Ask YC: for X number of page views how much adsense can you expect to make? - rksprst

Is there some general formula that I can use to figure out how much adsense a site makes compared to how many page views they get and the CPM?<p>I'm looking for something like: at X number of page views with a CPM of Y, the site will make Z dollars.<p>Any links to information that I should read to learn more about this stuff?
======
dkokelley
For adsense, it really depends on the subject. Is it a high or low paying
subject? Some categories are "worth" more to advertisers so you'll receive
more for each ad. This is what adjusts your CPM.

There is a sub-component of CPM when considering adsense and other forms of
advertising, and that is your click through rate, and it's just the percentage
of visitors who click on the ads. Many adsense ads only pay on clicks, which
means that you'll have to design your site so that your ads are likely to be
clicked on. Ads at or near the top of the page do better than those at the
bottom of an article or hidden on a sidebar somewhere.

I can't tell you what Google pays for each click, because quite simply, Google
doesn't know what it will get!
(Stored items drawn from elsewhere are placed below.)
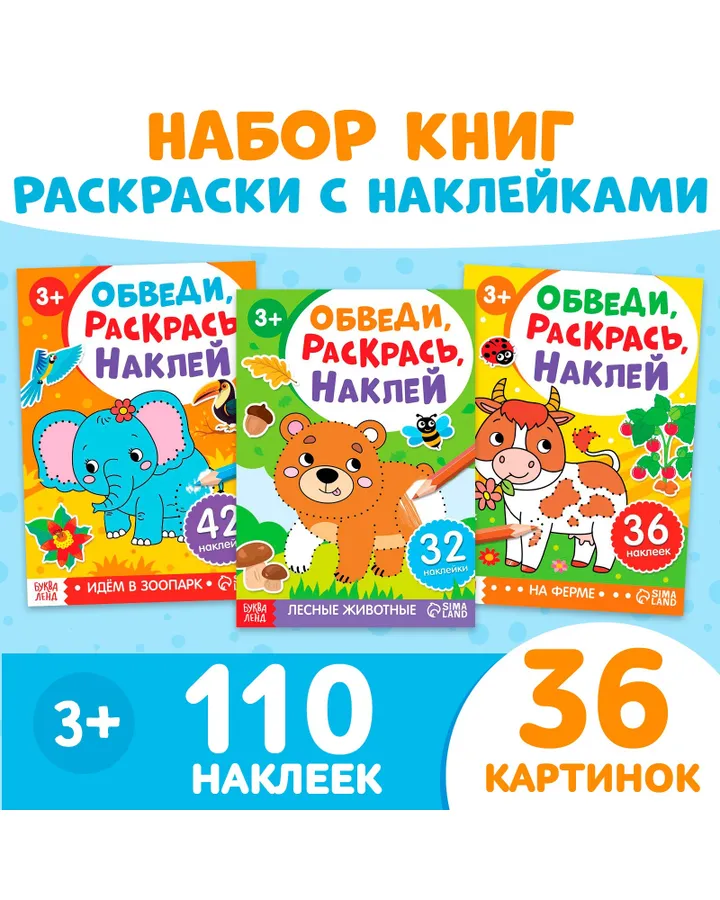 Набор книг Буква-ленд «Обведи, раскрась, наклей», 3 шт.
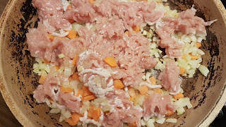 Kroimy drobno cebulę i podsmażamy do zarumienienia. Wtedy dodajemy pozostałe warzywa – tu marchew – pokrojone w plasterki/kostkę oraz mięso z kurczaka. Podsmażamy mieszając, a potem zostawiamy na 10 min pod pokrywką. Jeśli wasze warzywa nie puszczą odrobiny wody to warto wlać ok 100ml, by nie przypalić niczego. W tym czasie obieramy/tylko myjemy (jak kto woli) pieczarki i usuwamy trzonki – do innego dania;).
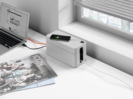 • Niebanalny ogranizer do przechowywania kabli oraz listwy zasilającej 3 gniazda

It's all dependent on how valuable certain
keywords are to advertisers.

A typical website running ads through an impression based ad network should
earn about a $5 CPM. That number can go up to around $100 if it is a highly
targeted and valuable demographic.

It would be difficult to tell you what the actual equation would be, because
there are the previously mentioned variables that we can't accurately predict:

How valuable are the keywords you're offering?

What will your clickthrough rate be?

I hope this helps!

------
rrival
Not a definitive list but if you were interested in mesothelioma (and who
isn't?) you might get $50 clicks on adsense:

<http://www.cwire.org/highest-paying-search-terms/>

That article is not exhaustive, is disputed as inaccurate, should be used as
just an indicator, because as dkokelley said, it depends.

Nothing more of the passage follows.